De leden vragen zich af of de regering een inschatting kan geven van de schaal waarop er met ELS gewerkt zou worden voor wetenschappelijk onderzoek met embryo’s?

En kan de Staatssecretaris inzichtelijk maken welke cellen gebruikt wordt om ELS’s tot stand te brengen? Wordt gebruik gemaakt van embryonale of foetale weefsels en cellijnen?

De leden van de SP-fractie lezen dat «[o]nderzoek met ELS die een intact «klassiek» embryo nabootsen [...] inzichten [kan] bieden in de vroege ontwikkeling van embryo’s die niet door middel van een ander type onderzoek zouden kunnen worden verkregen.» Zij vragen de regering of zij voorbeelden kunnen noemen van onderzoek dat hiermee mogelijk kan worden gemaakt?

De leden van de SGP-fractie lezen dat de regering het niet wenselijk vindt om het tot stand brengen van ELS die een intact «klassiek» embryo nabootsen voor wetenschappelijke doeleinden te verbieden.
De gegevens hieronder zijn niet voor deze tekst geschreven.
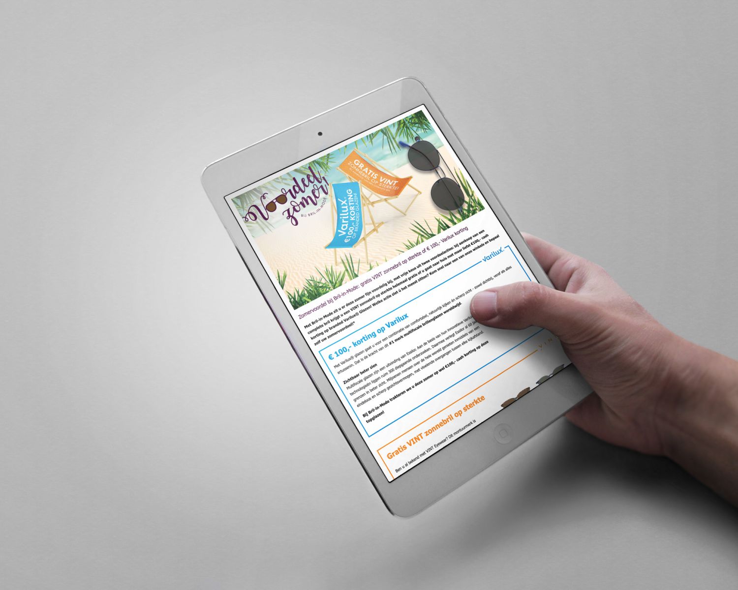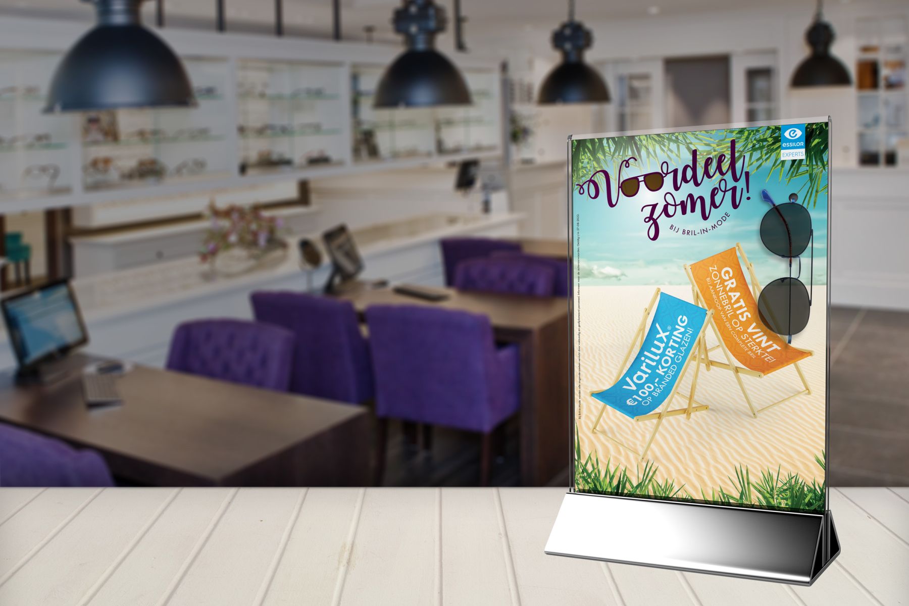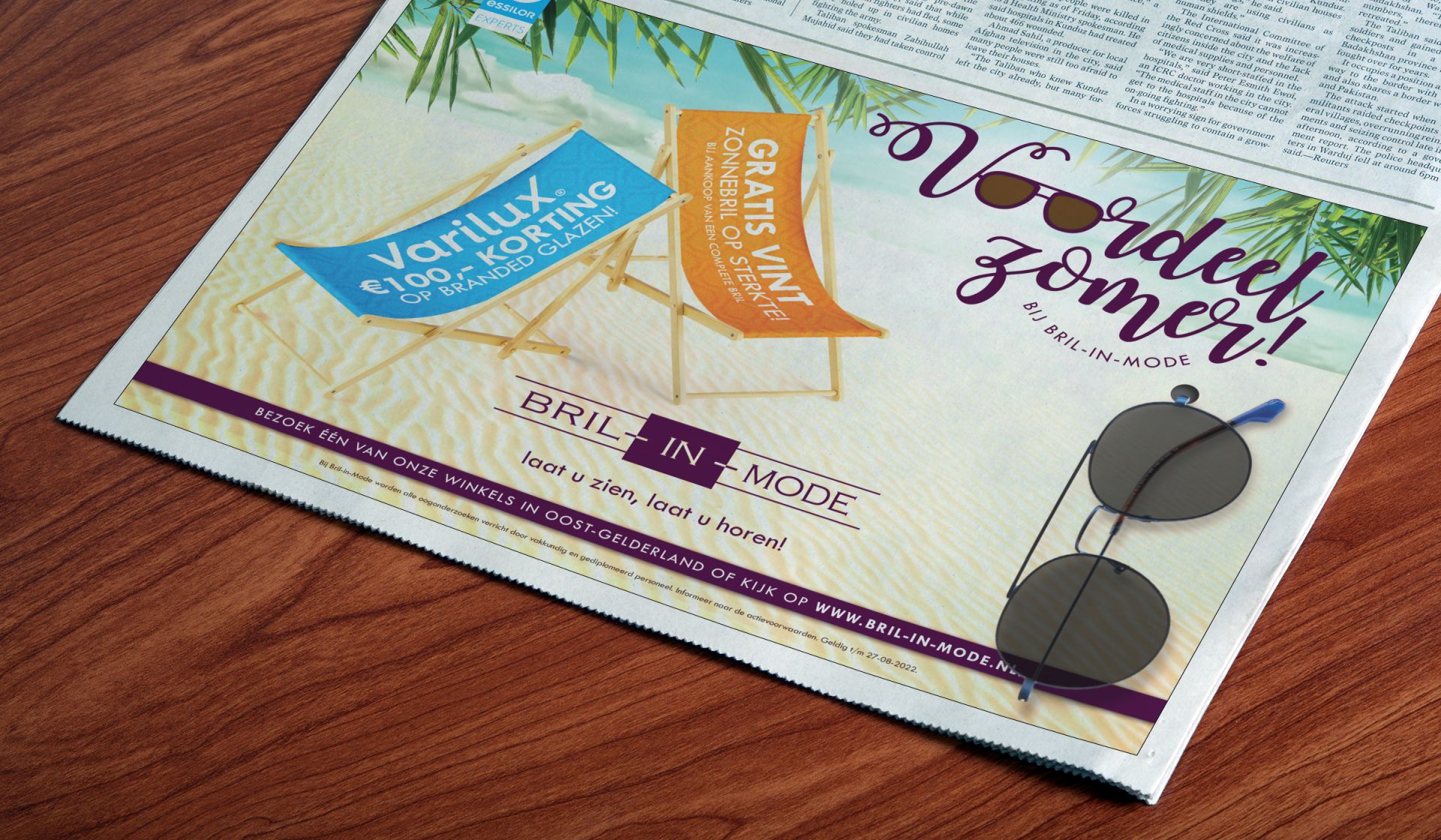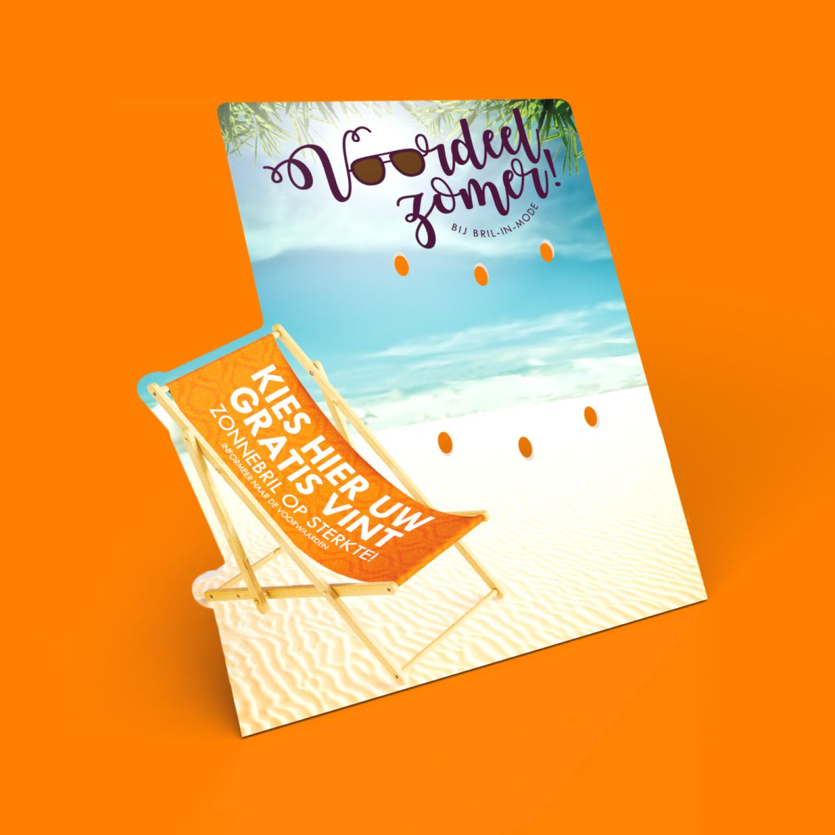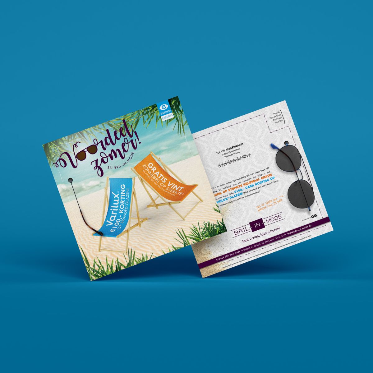 Bij lekker in vorm mochten we voor deze zonnige campagne diverse items fotograferen, schrijven en natuurlijk vormgeven. Eerst met een artikel in de Retina en vervolgens voor de kracht van herhaling via direct mail en huis-aan-huis flyers. Ook in de winkel en online zorgden we voor diverse actiemedia, waaronder een forex brillendisplay om het beschikbare assortiment feestelijk te tonen.

De leden van de SGP-fractie missen echter een duidelijke onderbouwing waarom de regering dit niet wenselijk vindt. In reactie op het advies van de Afdeling Advisering van de Raad van State (hierna: de Afdeling) is de regering in de toelichting uitgebreider ingegaan waarom onderzoek met ELS minder gevoelig zou zijn en hoe de diverse belangen die hierbij een rol spelen door de regering zijn gewogen. Het valt de leden van de SGP-fractie op dat hiertoe eigenlijk uitsluitend wordt verwezen naar de opvattingen van burgers over onderzoek met ELS of (rest)embryo’s vanuit het Rathenau-onderzoek «Gewicht in de schaal». Zij begrijpen dat de regering zich gesteund voelt door maatschappelijke opvattingen op dit punt. De leden van de SGP-fractie wijzen er echter dat een verwijzing naar deze maatschappelijke opvattingen op zichzelf nog geen inhoudelijke weging van belangen behelst. Zij verzoeken de regering daarom alsnog expliciet en inhoudelijk toe te lichten waarom onderzoek met ELS (en het kweken van dergelijke celstructuren) «minder gevoelig» zou zijn dan klassieke embryo’s.

Terzijde verwijzen de leden van de SGP-fractie naar de kritiek van de Afdeling bij de behandeling van de oorspronkelijke Embryowet dat een breed maatschappelijk draagvlak slechts informatieve waarde kan hebben en dat overheidsbeleid niet gevoerd kan worden door of gebaseerd kan zijn op de opvattingen van maatschappelijke organisaties.4 Het komt de leden van de SGP-fractie voor dat de huidige regering opnieuw in dezelfde valkuil stapt.

De leden van de ChristenUnie-fractie hebben ten aanzien van het opheffen van het onderzoeksverbod op intacte ELS meerdere zorgen en vragen. Deze leden zijn van mening dat als intacte embryo’s, hoewel kunstmatig tot stand gekomen, embryo’s vrijwel volledig nabootsen en zich ontwikkelen als een intact embryo, het niet te onderscheiden is hoe zij zich onderscheiden ten opzichte van en minder beschermwaardig zouden zijn dan klassieke menselijke embryo’s. Daarom past het wat deze leden betreft om terughoudend te zijn om intacte ELS te gebruiken voor onderzoek. Tegelijk zien de leden van de ChristenUnie-fractie ook dat de morele status van ELS onontgonnen terrein is. Is de Staatssecretaris bereid om ethisch onderzoek en ethische reflectie te laten uitvoeren op de morele status van intacte ELS en de consequenties daarvan voor wetenschappelijk onderzoek?

Daarnaast vinden de leden van de ChristenUnie-fractie de toevoeging van de regering met betrekking tot een uiteenzetting van de afweging, waar de Afdeling om vroeg ten aanzien van de keuze voor het opheffen van het onderzoeksverbod voor ELS, ondermaats. De Afdeling vroeg om een toelichting die blijk geeft van een evenwichtige afweging van voor dit wetsvoorstel relevante waarden, grondrechten, belangen en argumenten. Als reactie daarop heeft de regering het gepast slechts te refereren aan de uitkomst van een enquêtevraag over het gebruik van alternatieven in plaats van het gebruik van menselijke restembryo’s. Deze leden verzoeken de regering alsnog in te gaan op de relevante waarden, grondrechten, belangen en argumenten die zijn afgewogen bij het komen tot de keuze om ELS uit te sluiten van het onderzoeksverbod.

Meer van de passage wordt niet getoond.